What are the possible values of $x$?

Question

For what values of $x$ does this equation holds? $$2\arctan(x)=\arctan\left(\frac{2x}{1-x^2}\right)$$ The answer is $-1<x<1$ Why? How can we say this?

Answer 1

Hint :

$-1 < x < 1 => 2*arctan(x) \in]-\frac{\pi}{2};\frac{\pi}{2}[$ ; $\tan(2a) = \tan(a+a) = \frac{\tan(a)+\tan(a)}{1-\tan(a)*\tan(a)} = \frac{2\tan(a)}{1-\tan^2(a)}$

tan is bijective on $]-\frac{\pi}{2};\frac{\pi}{2}[$, calculate : tan(2*arctan(x)), see what you get.

Edit: I'll go a bit deeper into the solution.

First the two expression being odd functions, you can limit the study to x$\in [0;+\infty[$.

You note that if the two quantity are equals, there has to be a singularity at x=1 since the expression on the right $\rightarrow \frac{\pi}{2}$ when : $x \rightarrow 1 $ with $x<1$, and $\rightarrow -\frac{\pi}{2}$ when $x \rightarrow 1 $ with $x>1$. So it is not continuous at x=1 while the other expression is. We'll start by treating both cases seperately.

Case x >1:

g: $ x \rightarrow \frac{2x}{1-x^2} $ has negative values only, since $1-x^2 <0$

In fact : $ g(]1;+\infty[[) = ]-\infty;0[$ This means that: $\arctan(g(x)) < 0$, for $ x>1$ since arctan is of the same sign as its argument. But $2*\arctan(x) >0$ when x>1 (still of the same sign as its argument) so the two expressions can never be equal when x>1.

Case 0 < x < 1 :

Here I'm going to use the fact that $:u \rightarrow \tan(u)$ is bijective when $u\in]-\frac{\pi}{2};+\frac{\pi}{2}[$.
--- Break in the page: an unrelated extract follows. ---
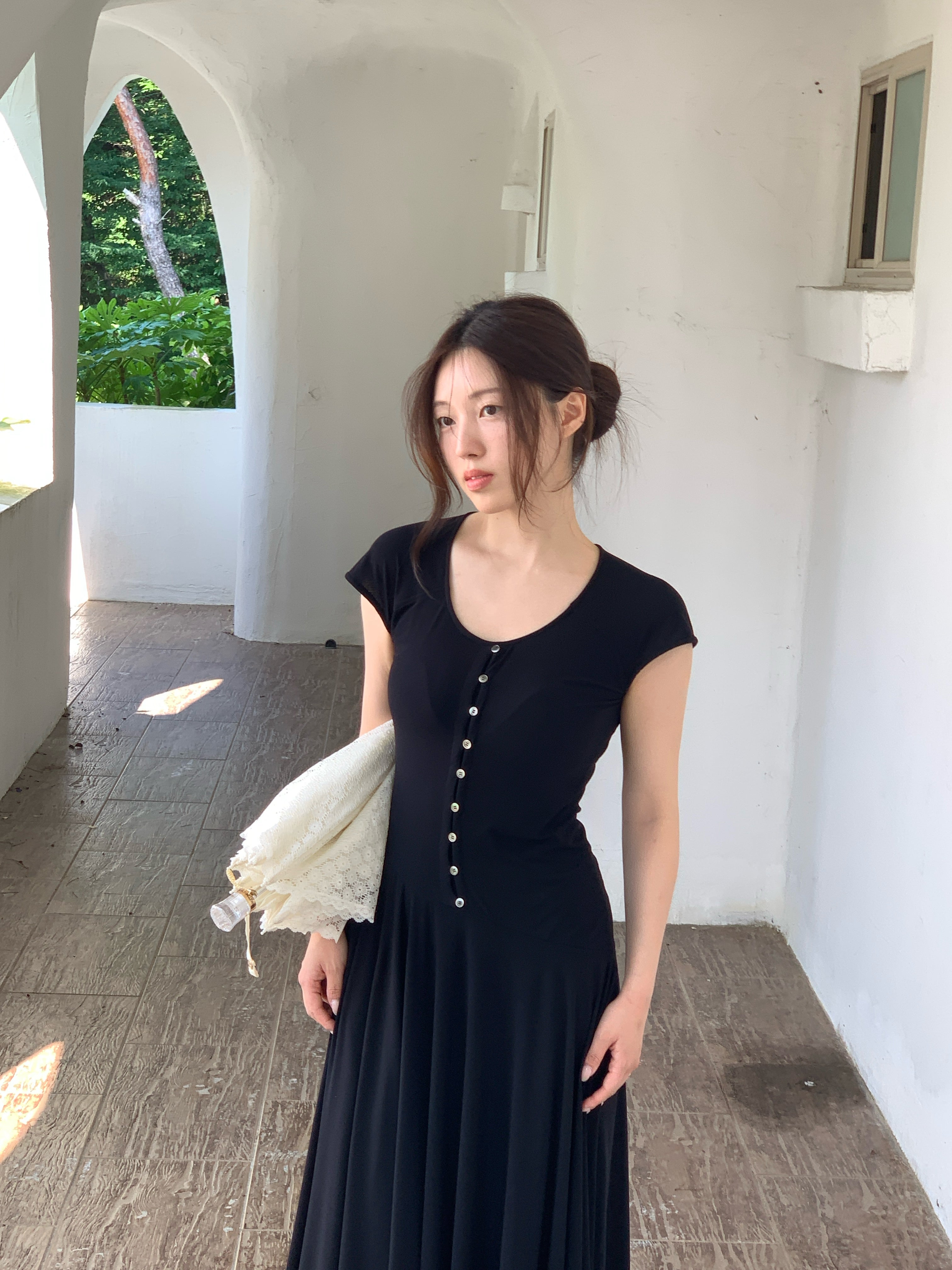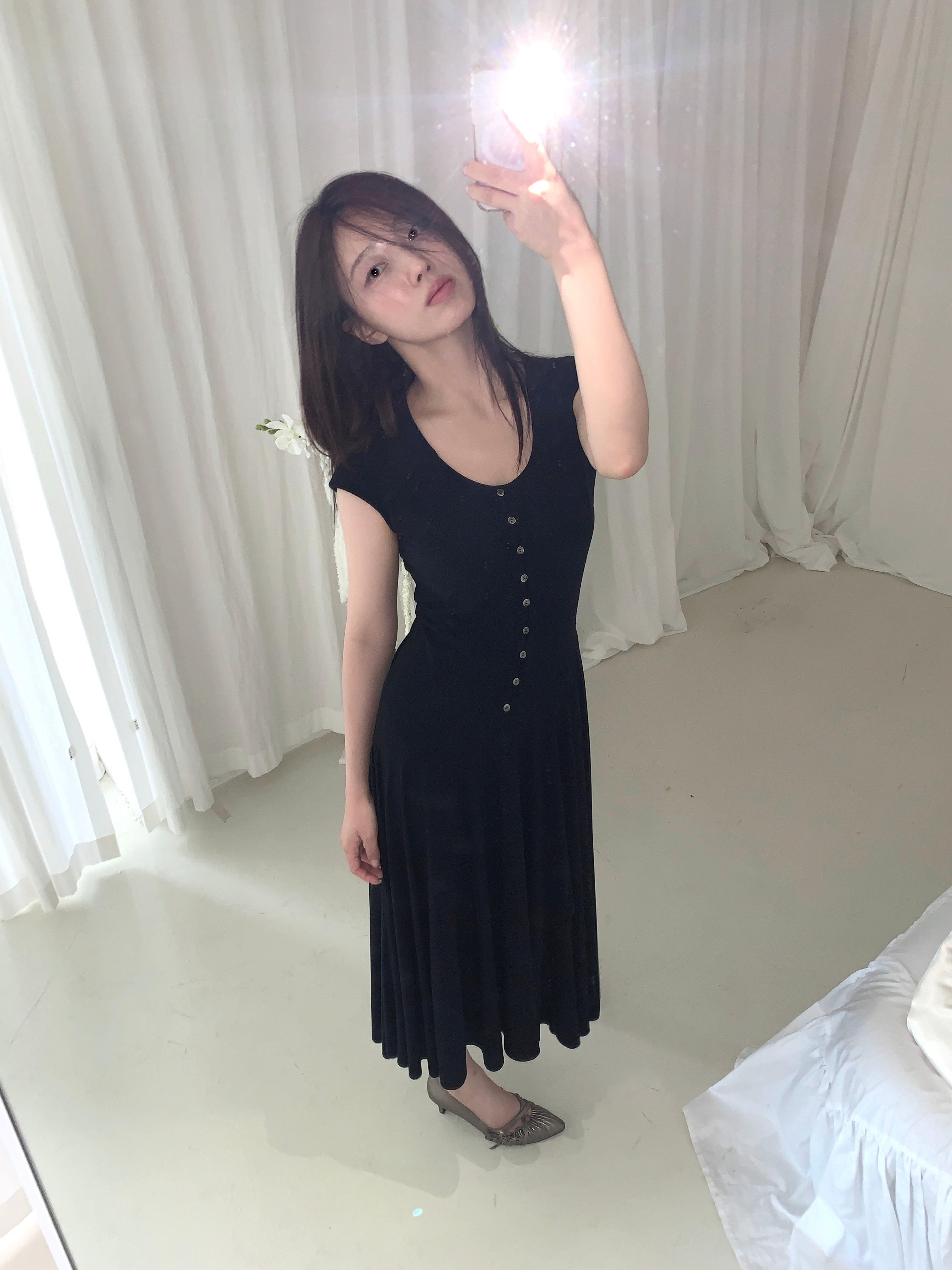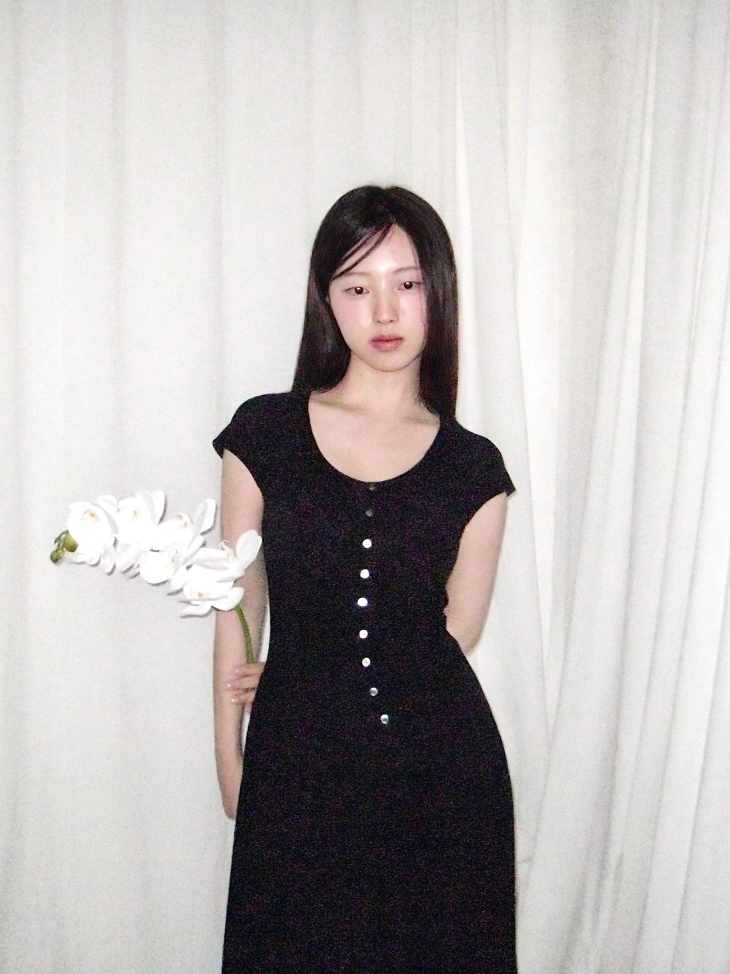 1920년대 부두아 스타일의 은밀하고 섬세한 우아함에서 영감을 받은 소프트 저지 드레스입니다. 상체 디자인은 안쪽의 패널이 몸을 타이트하게 잡아주고 겉 레이어의 단추 디자인이 아름답게 연출됩니다. 천연 흑진주 자개 단추의 광택은 절제된 우아함을 더합니다. 허리에서 자연스럽게 이어지는 스커트는 짧은 안감의 길이로 비침을 방지하면서 가벼움을 더하였고 밑단 쪽에는 원단의 은은한 비침을 살려 센슈얼한 무드를 연출합니다. 몸판과 하나로 재단된 캡 소매는 어깨선을 감싸며 부드러운 어깨 실루엣을 완성합니다.

This means that if $u\in]-\frac{\pi}{2};+\frac{\pi}{2}[$, then $\arctan(\tan(u)) = u$

Let's evaluate $ \tan(2*\arctan(x))$, using the formula I gave you:

I'll let : $u= \arctan(x)$

$ \tan(2*\arctan(x)) = \tan[ u + u ] = \frac{2\tan(u)}{1-\tan^2(u)} $

Here $u=\arctan(x)$ , so : $\tan(u) = x$ and we end up with:

$ \tan(2*\arctan(x)) = \frac{2x}{1-x^2} $

0 < x < 1: $ a=2*\arctan(x) \in ]0;+\frac{\pi}{2}[ $ : As I said above we can write:

$ \arctan(\tan(a)) = a $ => $ 2*\arctan(x) = \arctan(\frac{2x}{1-x^2}) $

So you have proved that this formula is true for : 0 < x < 1, and therefore for: -1< x < 1 because of imparity. It is however false when x>1 or x<-1.